But why then make people do things for us instead of letting them come to that idea by themselves?
This is due to Ben-Franklin effect. It states that humans and animals are more likely to do things for someone they are already used to do things for. It becomes a habit.

Look around in your surroundings, you will see that it is usually the same people giving the same people.

The important thing is that it remains on a level of win win situations in most times. Not always! Most times! As my wife said, giving can be a gratification as well.

She aint a psychologist, but as you can see, I was so deep in the material that I overlooked the basics. My fail.



> 8. Maybe I am not sexy. It’s possible. I am in great physical shape and think that I have a great life. I am not a downer by any means. Of the two of us, I am the one that is alive and content more often than not. She rarely has the energy that I have.
> 
> 9. I have quit initiating, flirting, sexting, etc. I make absolutely no attempt or indication. The result, absolutely no change.
> I am trying to not get too discouraged but few things have ever bothered me like this.


Again, comfort zone issue..

You can be sexy to almost all women in the world, but not to your wife, because she is used to the you you are now. 



> Finally, initiating conversation. Both of us do it but I would probably the primary initiator.


That is right. That why dont talk about sex. At least not now.



> We talk about a wide array of topics. She seems to be engaged and interested most of the time. I am quite adept at picking people's brains and getting them to talk and this is no exception. I am a great listener and use it with her.


Keep it up.



> I was under the impression that people (women especially) like and respect this but apparently not.

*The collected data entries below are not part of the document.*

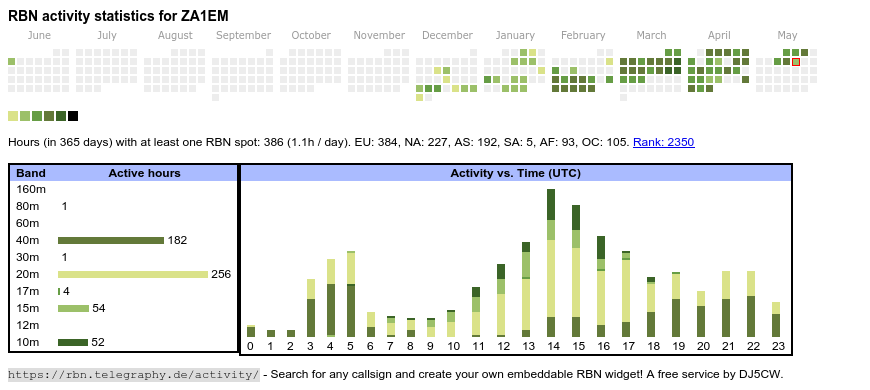 The heatmap shows the activity as reported by the RBN (CW/PSK/RTTY, no FT8) of the last 12 months. You can scroll back to January 2015.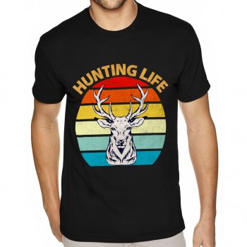 Hunting Life Short Sleeve T-Shirt – Retro Design T-Shirt – Quotes Printed Short Sleeve Tee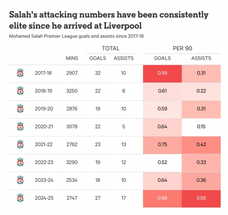 4月13日讯 萨拉赫已经与利物浦续约,The Athletic统计了萨拉赫加盟以来在英超的数据,这位埃及人有6个赛季完成两双数据。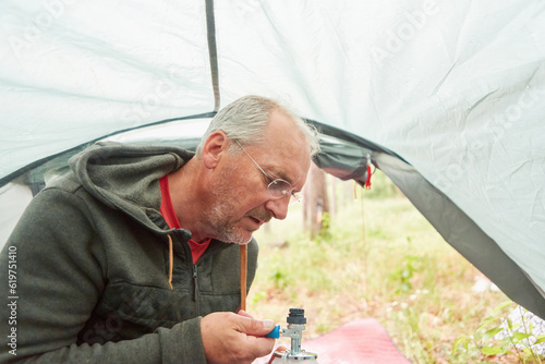 Senior man in tent drinking cup of hot coffee from thermos jug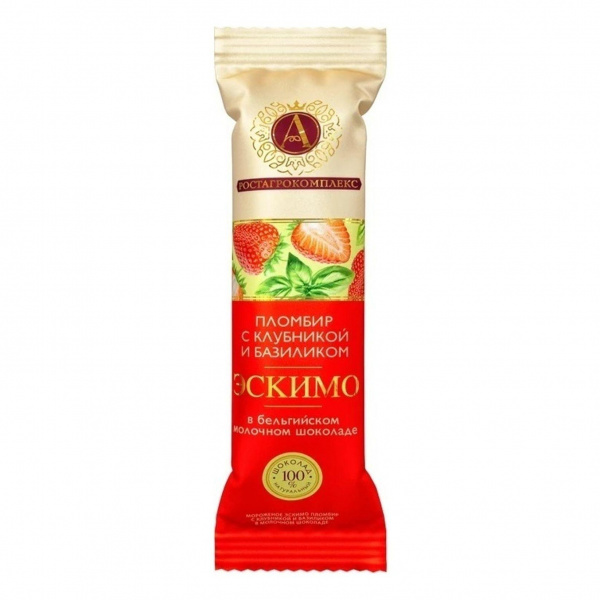 Мороженое А.Ростагрокомплекс пломбир с Клубникой и Базиликом в мол. шок. эскимо 15% 65г/20/БЗМЖ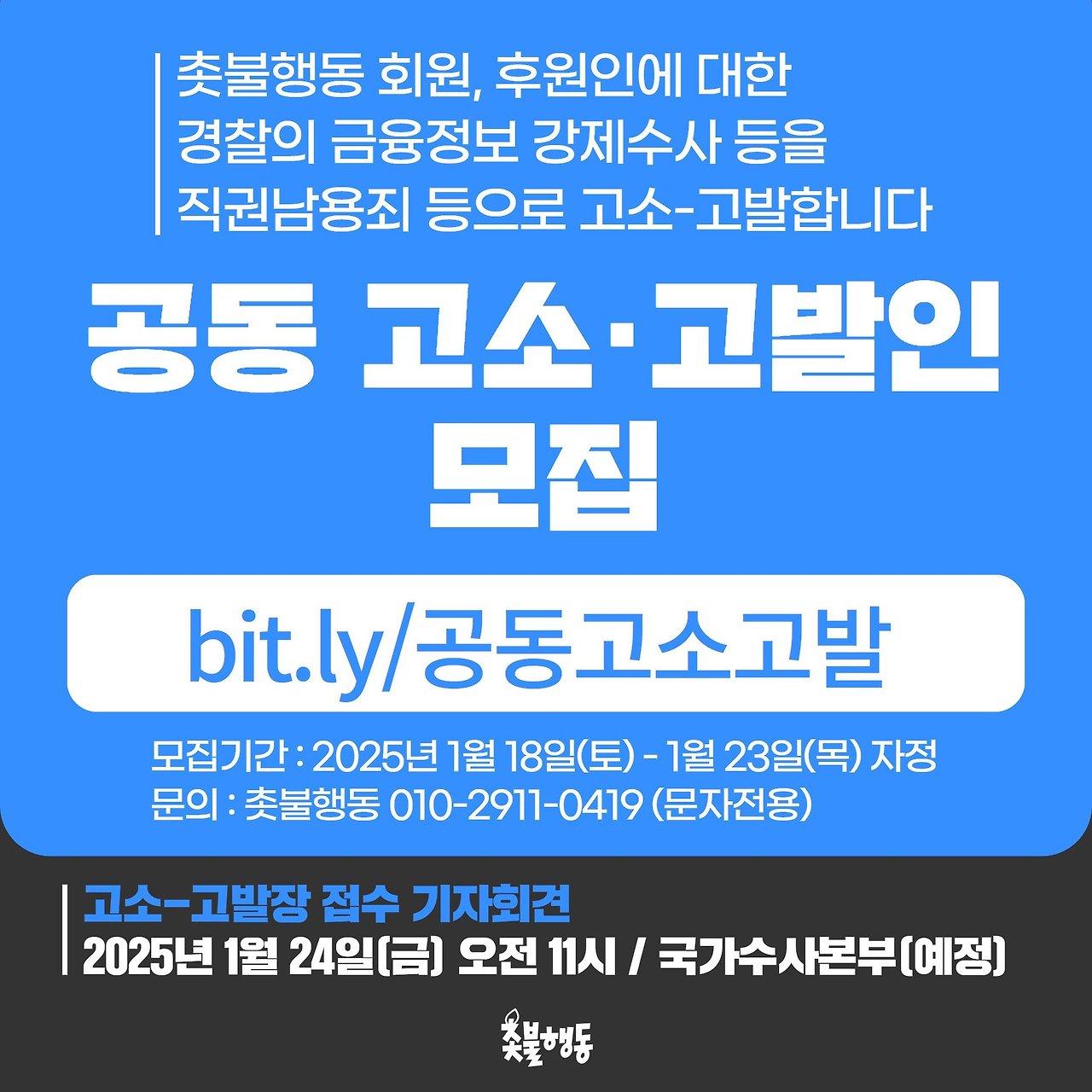 촛불행동 회원, 후원인에 대한 경찰의 금융정보 강제수사 등을 직권남용죄 등으로 고소-고발합니다.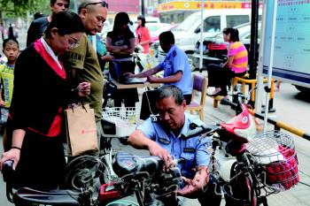 | 民警正在给电动车打码(资料片)。 本报记者 王鑫 摄 |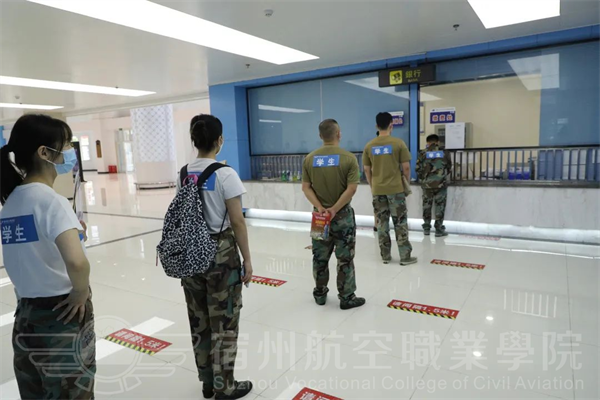 在报到缴费环节,同学们排成一路纵队🦻♟,按照地面分隔线间隔1.5米,缴费前进行手部消毒👮♂️。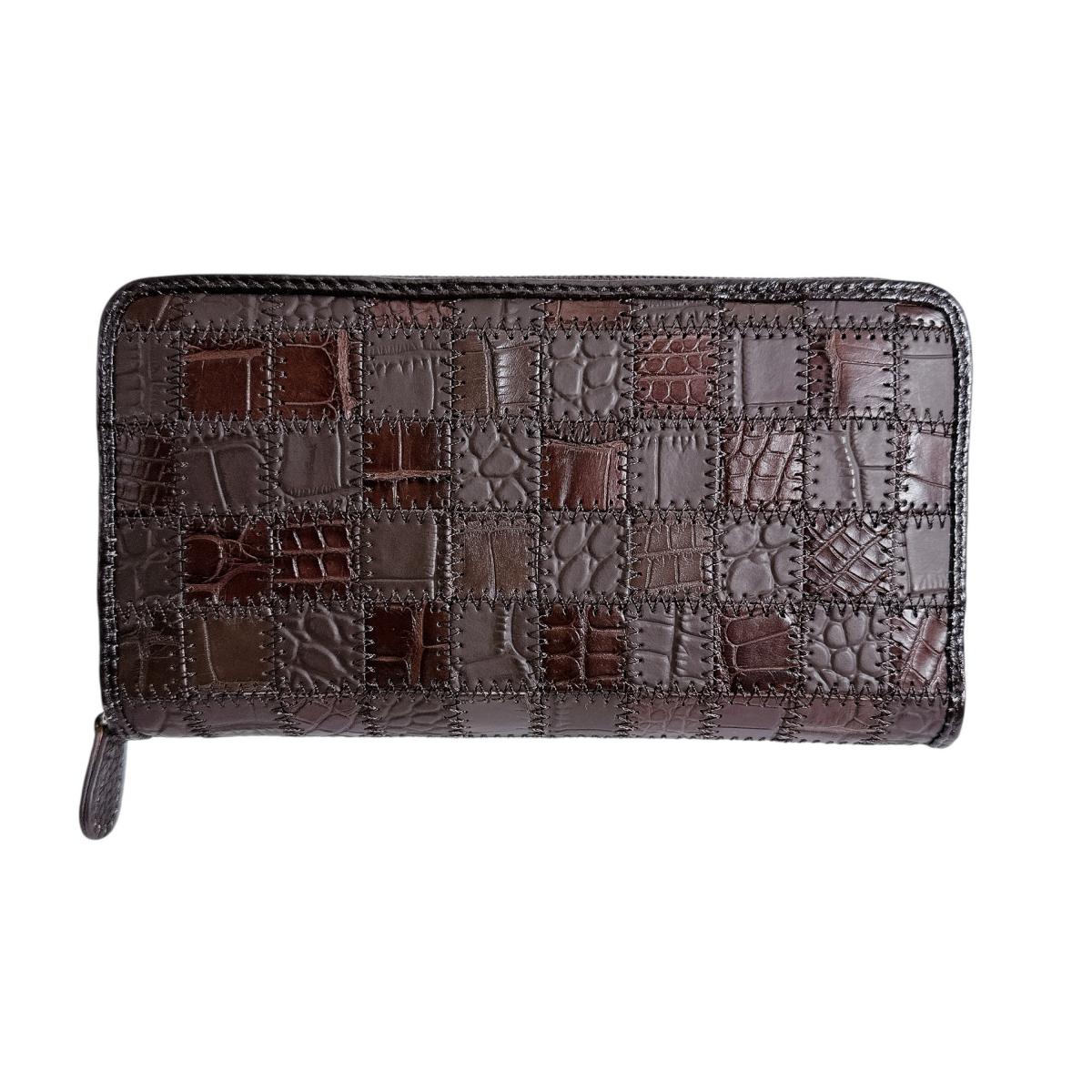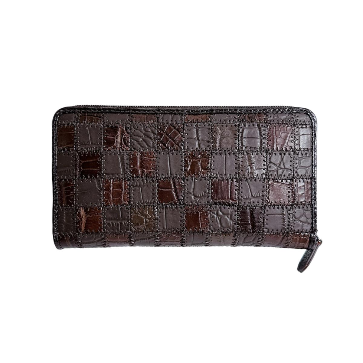 ラウンドファスナー長財布 ワニ革 パッチワーク ユニセックス S-541 ブラウン |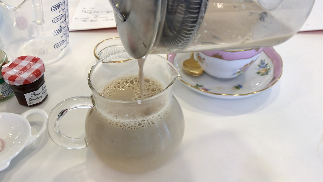 차의 향이 우유에 잘 배이도록 5분정도 두었다가 거름망에 걸러서 찻잔에 따른다.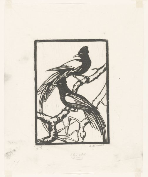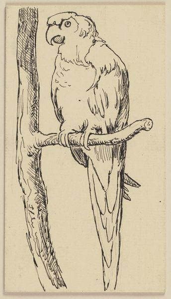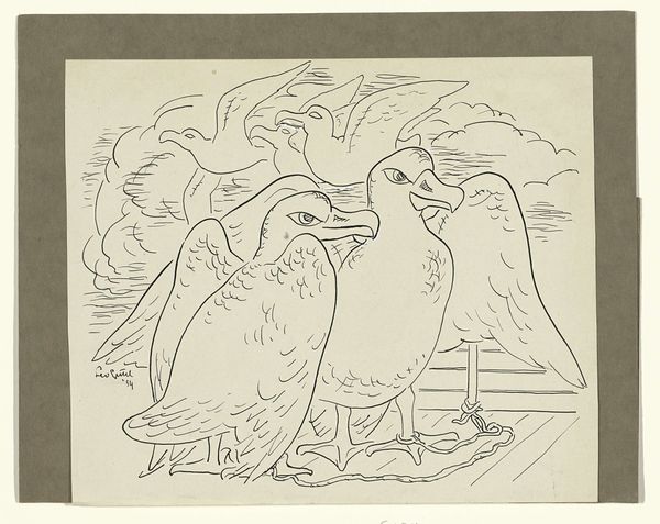 Curator: Let's turn our attention to "Two Eagles," an ink drawing crafted in 1958 by Rudy Pozzatti. What strikes you upon first glance? Editor: They feel so... present. Perched and alert, yet there’s this beautifully awkward vulnerability in their posture, in those spindly little legs. It's a striking combination. Curator: The eagle, as a symbol, carries tremendous weight – power, freedom, even divinity across various cultures. Yet here, rendered with such delicate lines, almost a childlike simplicity, Pozzatti seems to be deliberately stripping away some of that symbolic baggage. What remains is…raw birdness. Editor: Precisely! It’s like witnessing a heraldic emblem letting its guard down. Look at how freely he uses the ink, letting the line waver and almost stumble at times. He isn't chasing a photorealistic likeness but capturing the fleeting essence of movement, perhaps even a hint of personality. There's an inherent abstraction. Curator: Observe, too, how Pozzatti positions the eagles—one above the other, facing in slightly different directions. It evokes a sense of duality or reflection, hinting at multiple perspectives. Are these two aspects of a single idea? Or two separate entities engaged in silent discourse? The positioning alone suggests relationship and comparison, but also contrast. Editor: Oh, I love that—"silent discourse." I also see a hint of humor in those somewhat bewildered expressions. Maybe they're pondering their iconic status, their place in art history, those heavy symbolic chains they've carried for centuries! Curator: It is fascinating how a medium as seemingly straightforward as pen and ink can be used to dismantle, question, and ultimately reimagine established symbols. It highlights the enduring power of simple artistic interventions. Editor: Definitely. This drawing feels like an invitation to liberate our own perception—to shed preconceived notions and just appreciate the quivering line, the awkward stance, and the undeniable character of these “Two Eagles”. A friendly nudge to look beyond the icon. Curator: Indeed, Pozzatti encourages us to reassess inherited narratives and look with fresh eyes. Thank you for that perspective. Editor: Thanks to you, always a joy to unlock new insights.

Dont be foolish. They do. But they only do to people who have some sort of sexual value to them. 
You are an experienced man and know that women usually laugh at the crap a guy talks about because they have been sexually triggerd and not because it is funny. Same rule applies here.
If you wife isnt sexually triggerd by you, she aint gont to be moved by your words.

*And to all reading this: Do not guilt trip your wives when they laugh about sth another man is saying. It is subconcious and an instinct, so be fine with it. if you arent, then make sure you are throwing away all your porn as well and swearing never to be flattered by a sexy woman or never to look at a cute ass that is not you wifes. Get over it!*

And let me remind you that sometimes she will be sexually triggerd by you, but wont react in the sexual manner just because it is a habit of hers not to do so when it comes to you! The only solution is to eliminate all stuff that fuels this reflexes/responses.

The most important one is:

- Dont do anything that states you are her victim. That is why not initiating at times that are usually fine for sexual stuff is so important.

The next important one in my experience now is:

- Push the spouse slowly out of their comfort zone. Be ready for hate and fights. So long you dont get too moved by the hate, fights, guil trips etc.. You are on the right track.



The different between habits and Rom is that, Rom was destroyed very fast while habits die very slowly.


So, in my opinion you have been doing right things but balancing them wrong by trying to be perfect. You better befreind yourself with your bad and darker sides and be ready to test them on your marriage-field.

Greetz

M


----------



## Caribbean Man (Jun 3, 2012)

hookares said:


> When I was married, all my free time was devoted to thinking about the sex I wasn't having. *Now that I no longer have my "devoted" cheating ex wife, I am able to spend time thinking of other enjoyable things to do with the ladies I see from time to time because they manage to do all the thinking about sex, necessary for both of us.*


And that's how it's supposed to be.

But I really feel sorry for a lot of people here in that sexless position.
I think it's downright cruel and smacks of a partner who think they're entitled to do as they please in a marriage.

I believe that if a person knows that they are LD or whatever, they should at least have the decency to remain single.
I also don't believe that a spouse can suddenly become LD after a couple of years in a marriage. And if they " suddenly " do , then they should either be willing to work on it or have an amicable divorce. 
To do otherwise and maintain the sexless status quo sounds incredibly selfish to me.


----------



## HorsesIlove (Oct 7, 2013)

Personally I am more attracted to my mate when he's been working hard doing manly stuff. More so when he's out and about doing stuff.


----------



## DesertRat1978 (Aug 27, 2013)

Maso,

Thanks for the reply. Thought-provoking stuff. I have to admit that your writing style throws me off a bit but it happens.


----------



## Psy.D. C. Maso (Jan 22, 2013)

tyler1978 said:


> Maso,
> 
> Thanks for the reply. Thought-provoking stuff. I have to admit that your writing style throws me off a bit but it happens.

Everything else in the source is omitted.